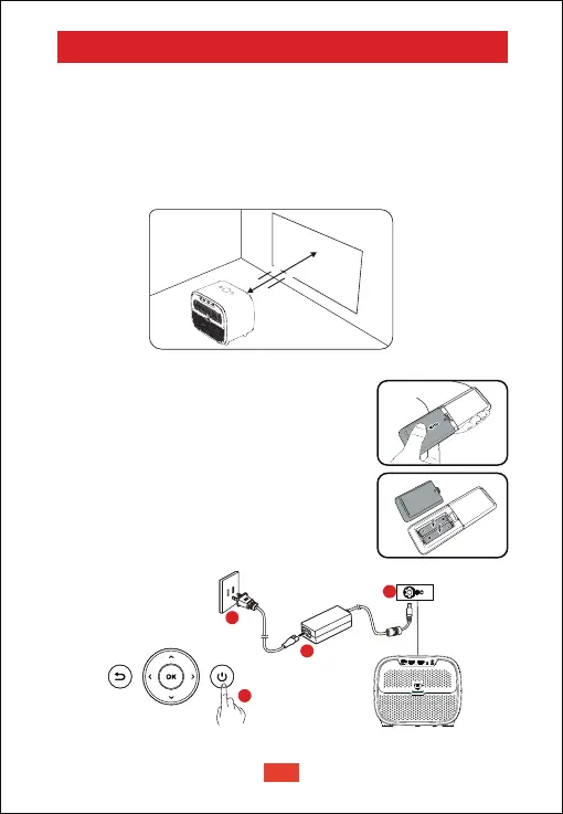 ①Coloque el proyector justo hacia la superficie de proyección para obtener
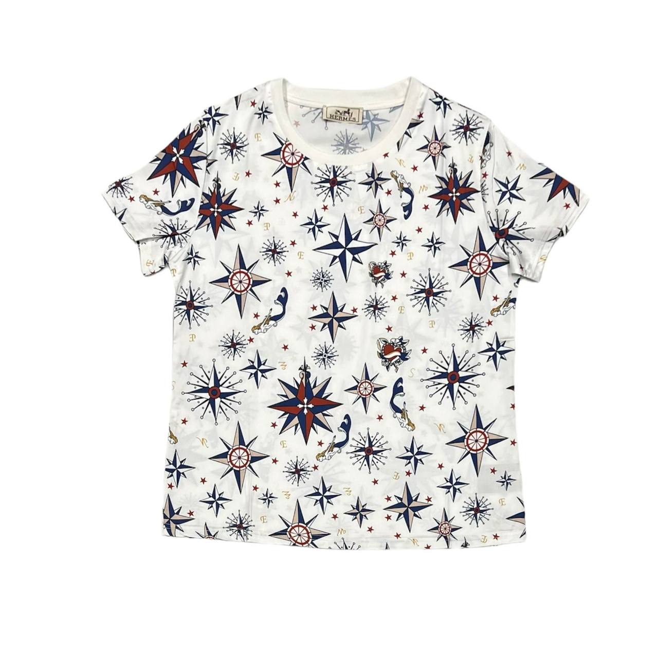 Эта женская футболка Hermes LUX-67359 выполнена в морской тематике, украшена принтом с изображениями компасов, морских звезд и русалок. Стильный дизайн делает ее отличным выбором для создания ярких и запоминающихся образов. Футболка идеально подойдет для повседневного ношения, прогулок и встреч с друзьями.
■ ■ ■
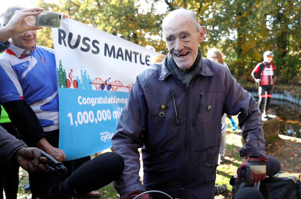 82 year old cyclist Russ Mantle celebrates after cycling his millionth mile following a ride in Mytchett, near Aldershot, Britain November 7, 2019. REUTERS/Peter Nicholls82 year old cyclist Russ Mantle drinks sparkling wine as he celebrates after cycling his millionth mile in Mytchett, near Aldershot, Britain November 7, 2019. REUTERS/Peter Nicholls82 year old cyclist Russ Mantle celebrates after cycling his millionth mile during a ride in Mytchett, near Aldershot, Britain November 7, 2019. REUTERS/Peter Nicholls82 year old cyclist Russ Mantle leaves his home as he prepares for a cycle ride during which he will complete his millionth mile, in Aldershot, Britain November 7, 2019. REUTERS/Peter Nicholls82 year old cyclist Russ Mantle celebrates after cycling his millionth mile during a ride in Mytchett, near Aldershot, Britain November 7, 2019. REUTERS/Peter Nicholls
■ ■ ■
> **TASK REQUIREMENTS**: Leaving all pictures out, output exactly the lines of the material above from the line with "①Coloque el proyector" to the line with "Эта женская футболка", both included.

> **FINISHED TASK**:
 ①Coloque el proyector justo hacia la superficie de proyección para obtener
 Эта женская футболка Hermes LUX-67359 выполнена в морской тематике, украшена принтом с изображениями компасов, морских звезд и русалок. Стильный дизайн делает ее отличным выбором для создания ярких и запоминающихся образов. Футболка идеально подойдет для повседневного ношения, прогулок и встреч с друзьями.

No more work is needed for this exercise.